Exercise objective: In the material below, the lines between the one holding "- Nhập code" and the one holding "The Olia shade", inclusive, are to be set down word for word. Pictures stay out.

----- Records for the task

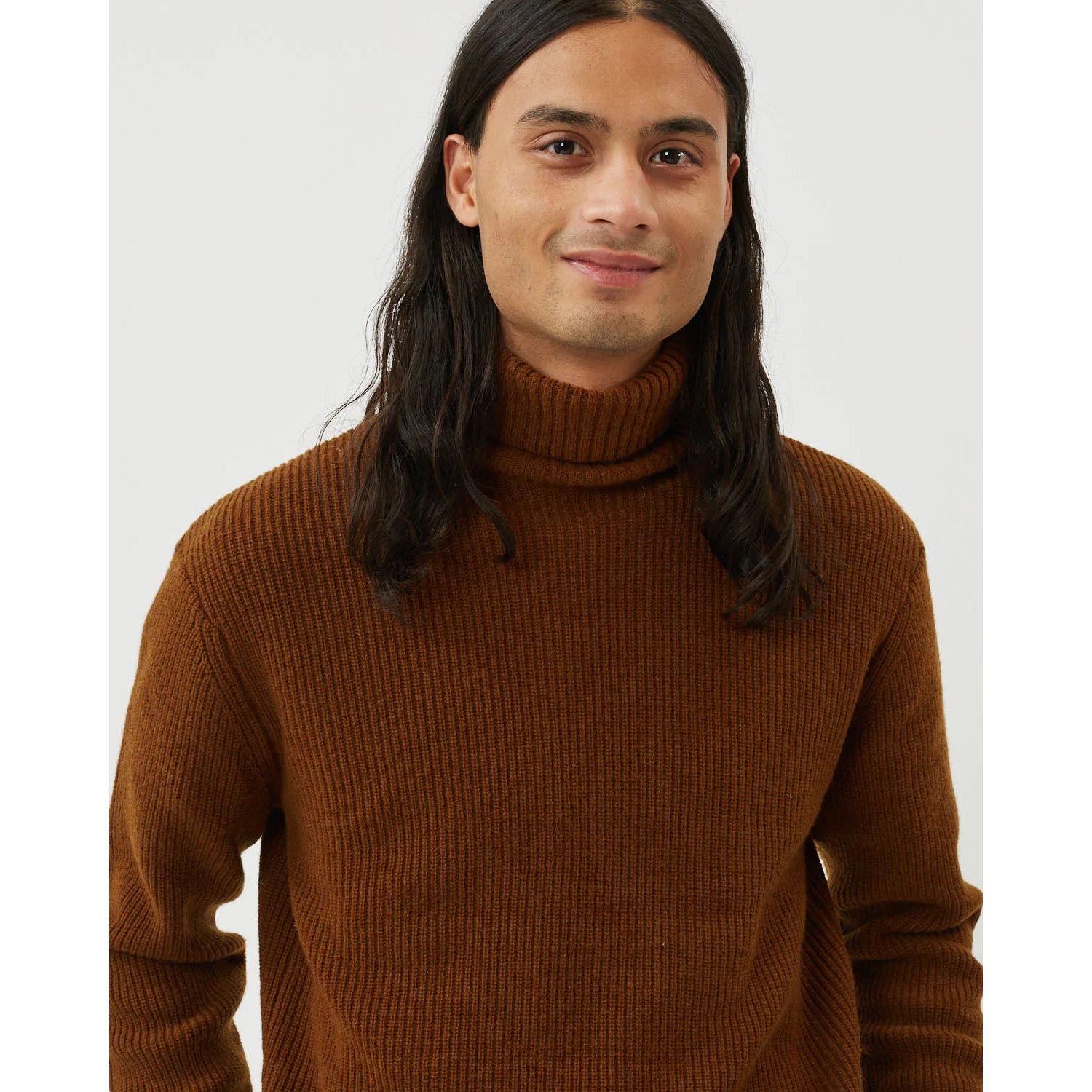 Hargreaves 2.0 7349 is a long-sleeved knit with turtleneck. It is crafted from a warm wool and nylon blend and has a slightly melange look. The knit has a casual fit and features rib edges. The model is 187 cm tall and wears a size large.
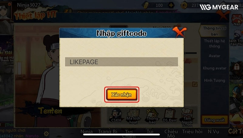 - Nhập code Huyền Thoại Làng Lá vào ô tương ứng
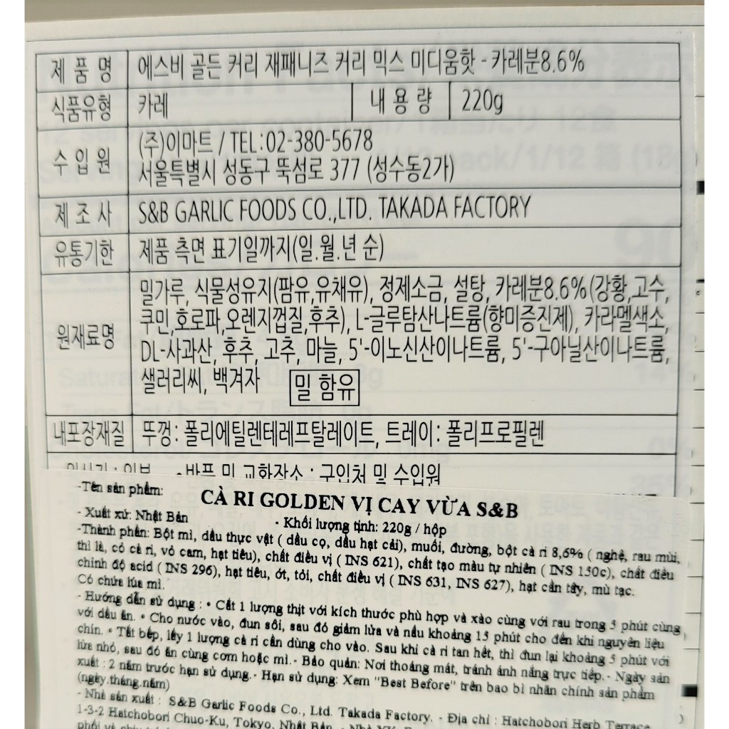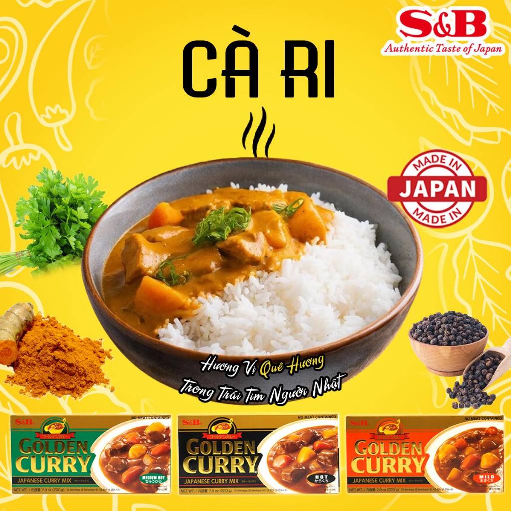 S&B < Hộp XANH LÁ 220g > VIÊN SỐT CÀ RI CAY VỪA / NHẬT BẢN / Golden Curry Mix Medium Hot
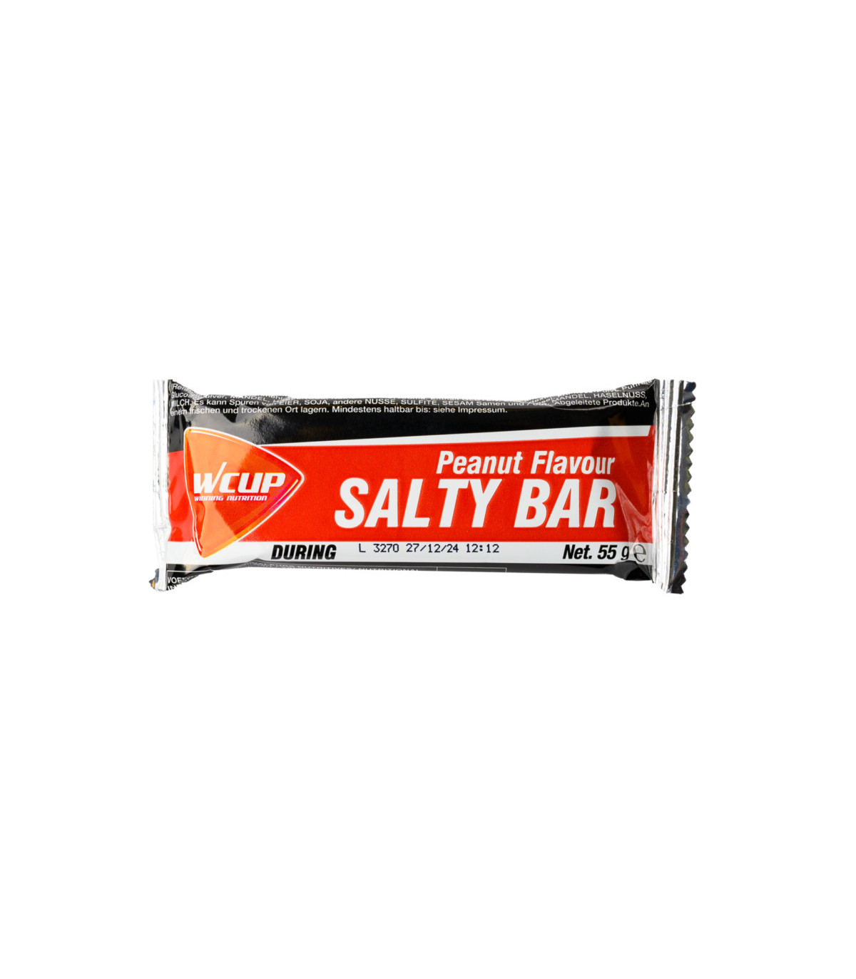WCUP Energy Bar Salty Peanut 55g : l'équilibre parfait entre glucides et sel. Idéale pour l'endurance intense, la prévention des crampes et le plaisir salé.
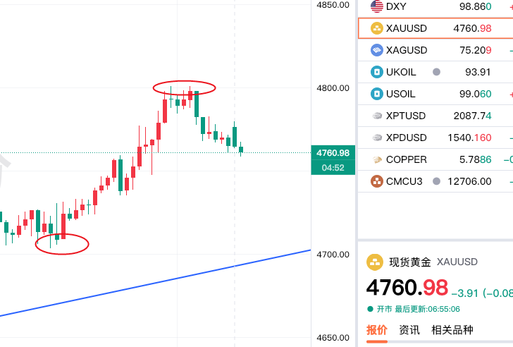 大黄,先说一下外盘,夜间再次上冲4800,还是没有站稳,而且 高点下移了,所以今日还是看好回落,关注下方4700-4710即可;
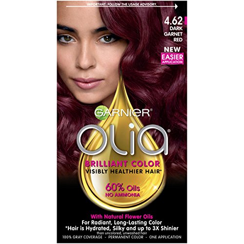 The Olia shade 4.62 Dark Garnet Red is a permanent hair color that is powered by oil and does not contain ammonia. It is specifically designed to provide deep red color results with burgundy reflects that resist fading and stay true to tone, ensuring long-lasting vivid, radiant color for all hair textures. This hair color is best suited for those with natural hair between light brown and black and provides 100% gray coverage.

----------
----- Records for the task

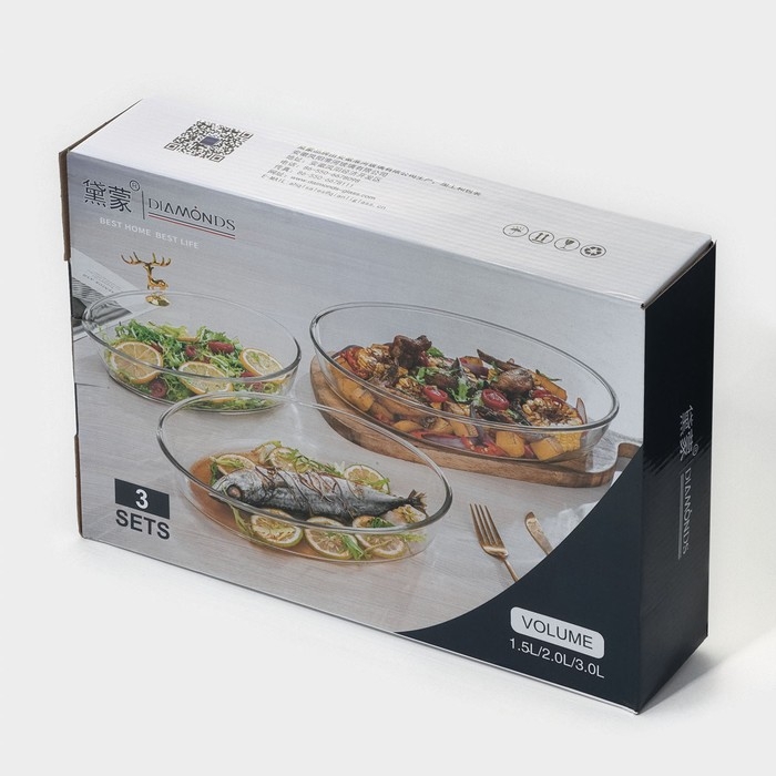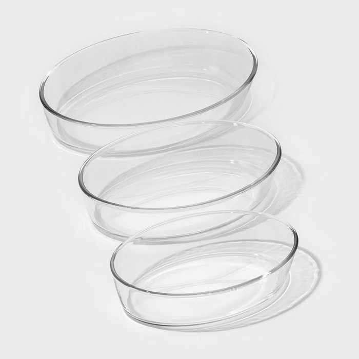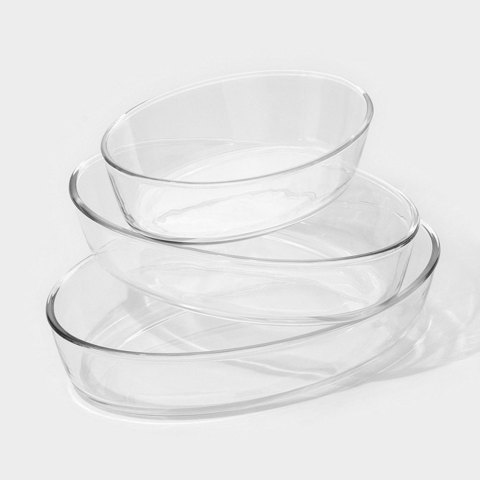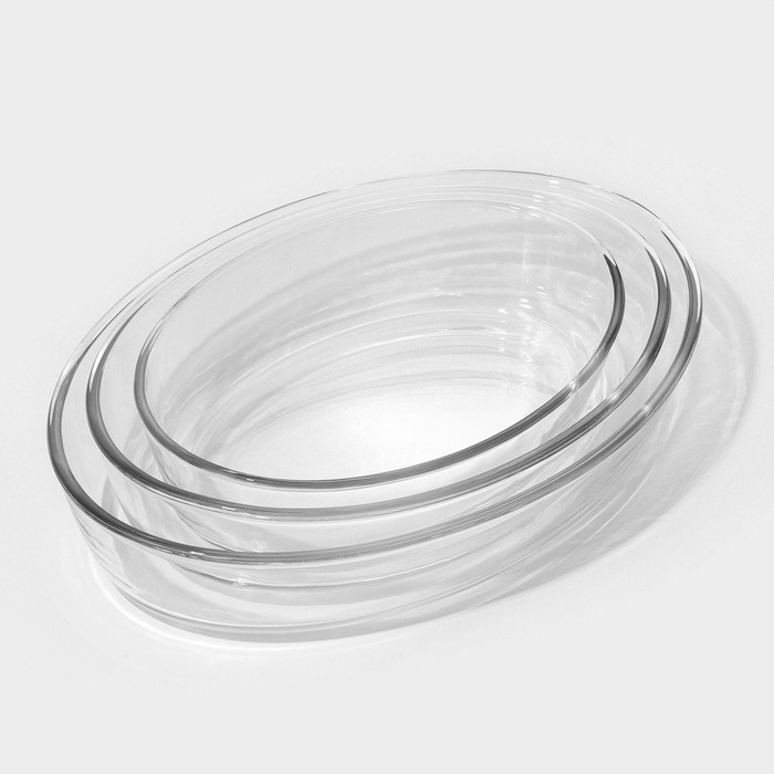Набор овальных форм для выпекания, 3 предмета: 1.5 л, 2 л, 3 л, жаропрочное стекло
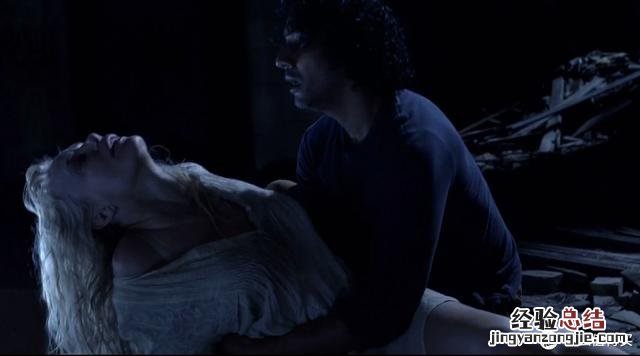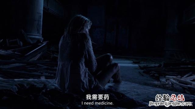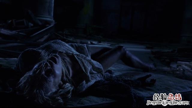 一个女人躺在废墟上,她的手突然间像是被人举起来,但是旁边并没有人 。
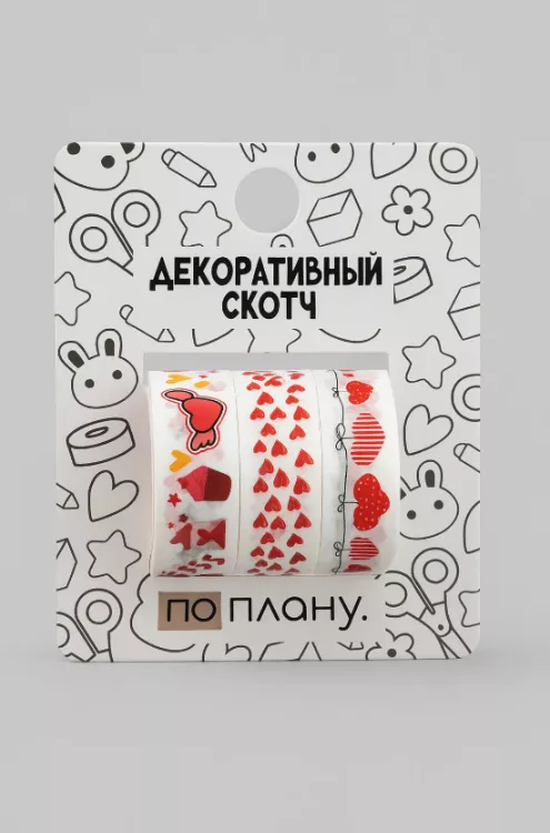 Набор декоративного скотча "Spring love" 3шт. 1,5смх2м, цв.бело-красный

----------
----- Records for the task

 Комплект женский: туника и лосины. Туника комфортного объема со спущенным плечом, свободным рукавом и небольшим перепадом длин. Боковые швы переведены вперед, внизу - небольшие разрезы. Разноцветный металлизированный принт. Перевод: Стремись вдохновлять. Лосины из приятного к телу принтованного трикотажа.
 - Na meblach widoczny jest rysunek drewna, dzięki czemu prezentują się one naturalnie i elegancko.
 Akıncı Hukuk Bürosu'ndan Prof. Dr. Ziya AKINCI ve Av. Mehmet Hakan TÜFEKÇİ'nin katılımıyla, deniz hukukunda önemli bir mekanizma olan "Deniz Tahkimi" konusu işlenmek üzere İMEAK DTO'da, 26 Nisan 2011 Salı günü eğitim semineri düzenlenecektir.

----------

Result of the task:
 - Nhập code Huyền Thoại Làng Lá vào ô tương ứng
 S&B < Hộp XANH LÁ 220g > VIÊN SỐT CÀ RI CAY VỪA / NHẬT BẢN / Golden Curry Mix Medium Hot
WCUP Energy Bar Salty Peanut 55g : l'équilibre parfait entre glucides et sel. Idéale pour l'endurance intense, la prévention des crampes et le plaisir salé.
 大黄,先说一下外盘,夜间再次上冲4800,还是没有站稳,而且 高点下移了,所以今日还是看好回落,关注下方4700-4710即可;
 The Olia shade 4.62 Dark Garnet Red is a permanent hair color that is powered by oil and does not contain ammonia. It is specifically designed to provide deep red color results with burgundy reflects that resist fading and stay true to tone, ensuring long-lasting vivid, radiant color for all hair textures. This hair color is best suited for those with natural hair between light brown and black and provides 100% gray coverage.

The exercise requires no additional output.